On December 5th, 2019, BirdVox researcher Vincent Lostanlen gave a 20-minute talk in San Diego, CA, USA, by invitation of the 178th meeting of the Acoustical Society of America (ASA). The talk was entitled “BirdVox: From flight call classification to full-season migration monitoring”, and was featured in the special session on machine learning for animal bioacoustics.

We reproduce the abstract below. This abstract appeared on the latest issue of the Journal of the Acoustical Society of America (JASA), volume 146, number 4, page 2984.

The BirdVox project aims at inventing new machine listening methods for the bioacoustic analysis of avian migration at the continental scale. It relies on an acoustic sensor network of low-cost, autonomous recording units to detect nocturnal flight calls and classify them in terms of family, genus, and species. As a result, each sensor produces a daily checklist of the species currently aloft, next to their respective individual counts. In this talk, I describe the research methods of BirdVox and their implications for advancing the understanding of animal behavior and conservation biology. The commonality of these methods is that they tightly integrate data-driven components alongside the induction of domain-specific knowledge. Furthermore, the resort to machine learning is not restricted to supervised acoustic event classification tasks, but also encompasses audio representation learning, few-shot active learning for efficient annotation, and Bayesian inference for adapting to multiple acoustic environments. I conclude with an overview of some open-source software tools for large-scale bioacoustics: librosa (spectrogram analysis), pysox (audio transformations), JAMS (rich annotation of audio events), muda (data augmentation), scaper (soundscape synthesis), pescador (stochastic sampling), and mir_eval (evaluation).

 

https://asa.scitation.org/doi/abs/10.1121/1.5137328

Vincent Lostanlen presents at Dolby in SoHo

On April 25th, 2019, BirdVox researcher Vincent Lostanlen gave a 25-minute in the New York City neighborhood of SoHo, as part of a scientific workshop named “Artificial Intelligence in Audio: Applications, Advancements, and Trends” and organized by Dolby.

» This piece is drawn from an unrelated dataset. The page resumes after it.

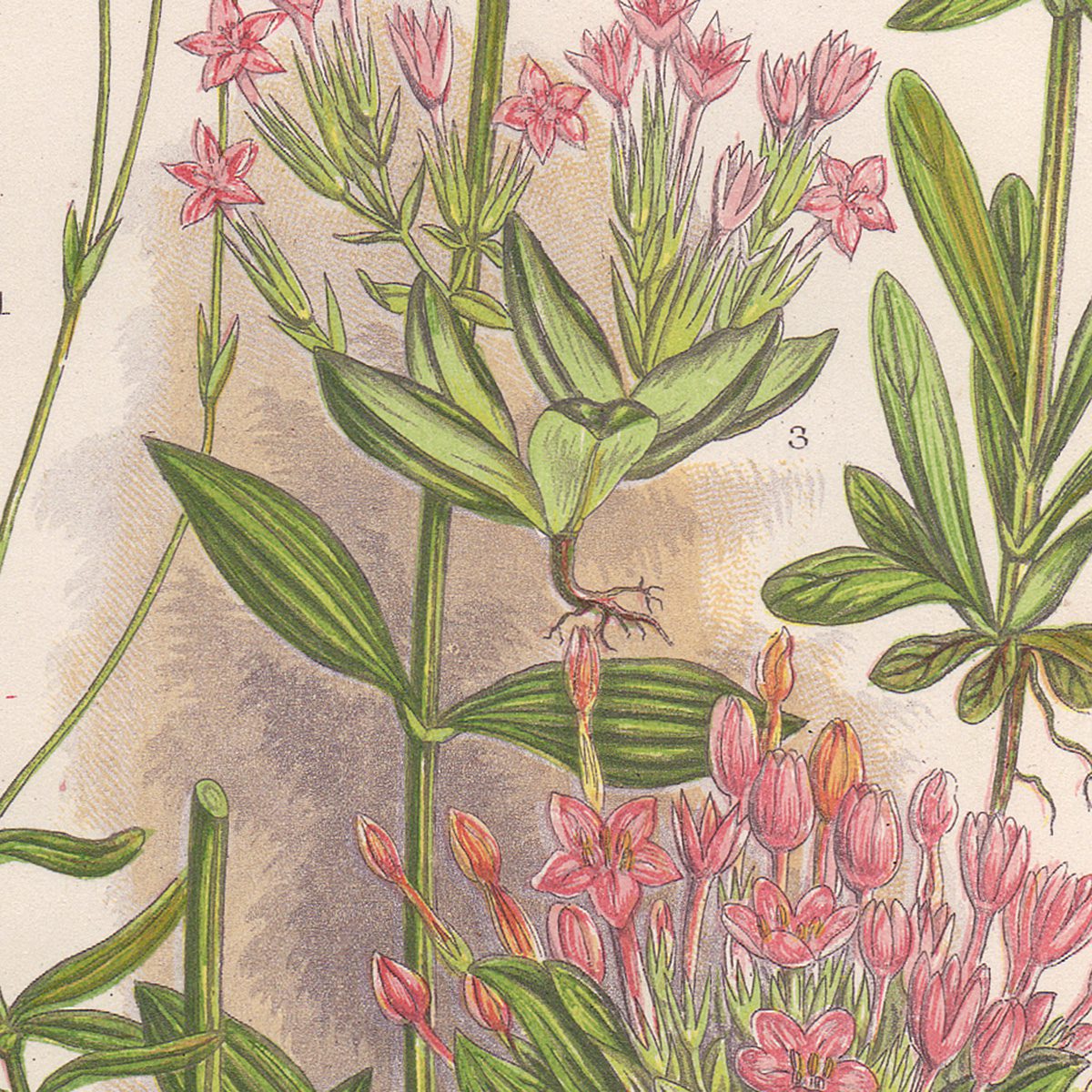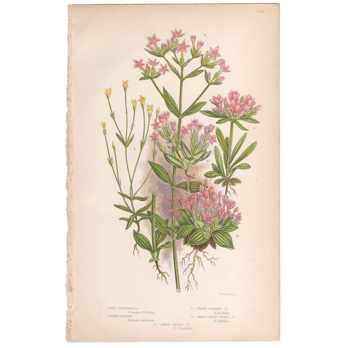 This original chromolithograph from The Flowering Plants and Ferns of Great Britain created 1855–1866 by Anne Pratt illustrates flowering plants. Also available framed.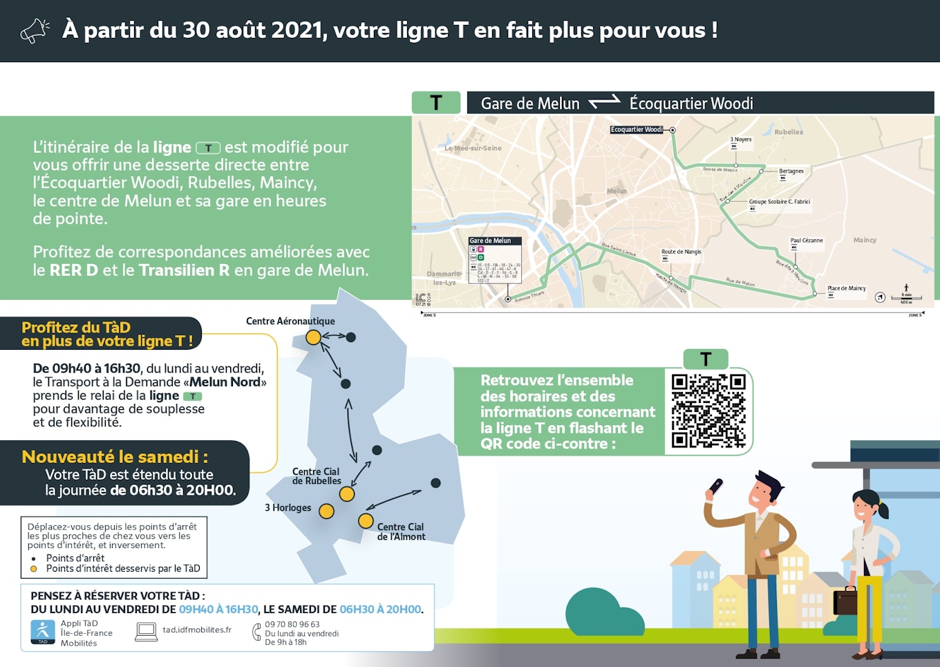 A rota da linha T foi modificada para oferecer um serviço direto entre o distrito ecológico de Woodi, Rubelles, Maincy, o centro de Melun e sua estação durante a hora do rush.

The video of the event can be found below.

More details about the event can be found at: https://soho.dolby.com/artificialintelligenceinaudio

“Long-distance detection of bioacoustic events with PCEN” presented at DCASE workshop

We are happy to announce that our article: “Long-distance detection of bioacoustic events with per-channel energy normalization” is featured in the proceedings of the DCASE 2019 workshop. This paper is a collaboration between the BirdVox project; Kaitlin Palmer from San Diego State University; Elly Knight from the University of Alberta; Christopher Clark and Holger Klinck from the Cornell Lab of Ornithology; NYU ARISE student Tina Wong; and Jason Cramer from New York University.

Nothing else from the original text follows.